The job runs on every PR that touches files under
projects/ores.codegen/library/templates/, projects/ores.codegen/models/,
projects/ores.codegen/src/, or any production C++ / SQL file under a
registered component.
See Codegen architecture analysis and unified model roadmap for context.
Status
| Field | Value |
|---|---|
| State | BACKLOG |
| Parent sprint | Sprint 21 |
| Now | Not yet started. |
| Waiting on | Phase 2: single model file per entity (stable model format before CI is worth adding). |
| Next | Design CI check; choose GitHub Actions vs. CMake test target. |
| Last touched | 2026-05-30 |
Acceptance
- A CI job (GitHub Actions step or CMake
testtarget) runscodegen.sh regeneratefor each registered component. - The job fails with a non-zero exit code if
git diff --exit-codedetects any change to production files after regeneration. - The job is triggered on every PR that touches any file in
projects/ores.codegen/, any production C++ file in a registered component, or any production SQL file inprojects/ores.sql/. - The job passes on a clean checkout with zero drift.
- The job runs successfully on Linux, macOS, and Windows CI runners.
- A deliberate drift (changing a template without updating production files) is caught and reported within one CI run.
Tasks
| Task | State | Start | End | Description |
|---|---|---|---|---|
| Task: Design the CI check | BACKLOG | Decide GitHub Actions step vs. CMake test target; map out venv bootstrap on all three CI platforms; define path-based triggers; document the exit-code contract. | ||
| Task: Implement CI check for refdata (pilot) | BACKLOG | Write the CI step or CMake target; run against refdata-cpp and refdata SQL; verify it catches a deliberate template drift; verify it passes on a clean checkout. | ||
| Task: Expand CI check to all registered components | BACKLOG | Enable the check for all components in manifest.py; validate on Linux, macOS, and Windows; document trigger paths and expected runtime. |
Decisions
- Prefer CMake test target over a standalone Actions step. A CMake
add_test()target can be run locally withctest -R codegen-zero-diff, making it easier for engineers to reproduce CI failures without pushing. - Trigger on affected paths only. Running regeneration on every PR is expensive (~1,746 files). Path-based triggers limit the job to PRs where templates, models, or production output files actually changed.

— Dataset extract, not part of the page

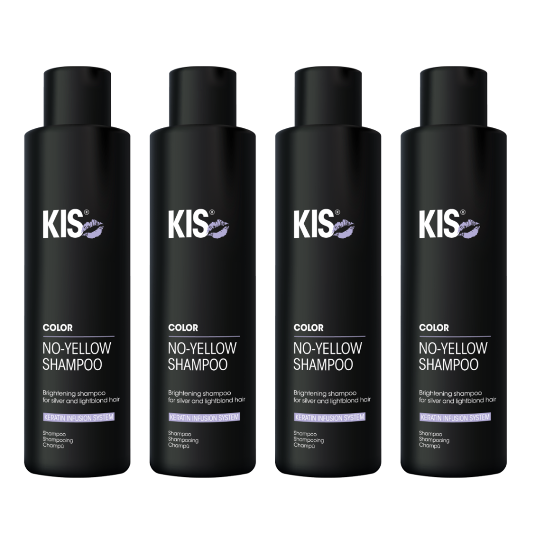 Für einen schönen, kühlen Ton muss auch die Basis kühl sein – das weiß jeder Friseur. Bisher war eine Tönung nach dem Blondieren oder Aufhellen die Lösung: Sie neutralisierte die letzten Gelbspuren. Diesen Schritt können Sie sich nun sparen, denn mit dem neuen No-Yellow Shampoo von KIS schaffen Sie eine perfekt kühle Basis für die kühlste Farbe. Was ist das? Das KIS No-Yellow Shampoo ist ein intensives Violett-Shampoo, das die letzten Gelbspuren nach dem Blondieren oder Aufhellen neutralisiert.
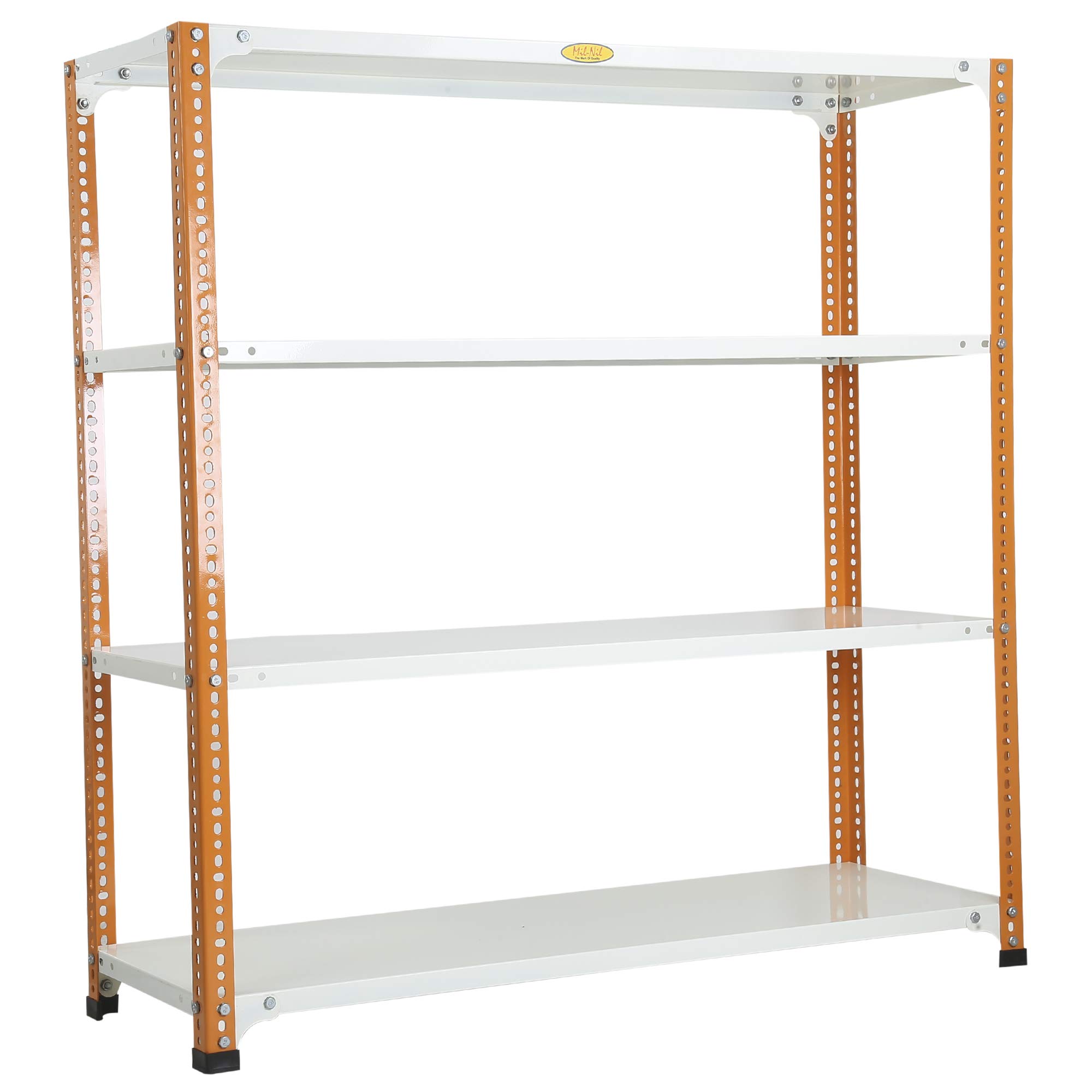Mil-Nil Prime CRC Sheet 4 Shelf Multipurpose Slotted Angle Rack, 48 x 47 x 15 Inch, 20 Gauge (Orange/Ivory) Powder Coated 14 Gauge Angles

- SQL-only pilot can start before Phase 2. The SQL zero-diff check (refdata
_table.jsonmodels only) is self-contained and can be implemented and enabled as soon as the C++ audit achieves a clean baseline. It does not require the unified_entity.jsonformat from Phase 2 to be complete.
Out of scope
- Checking Qt template output in the same CI step — Qt requires a separate
--profile qtrun; add as a follow-on task once the main check is stable. - Windows venv bootstrap issues — if Windows CI requires special Python handling, that is a separate infrastructure task.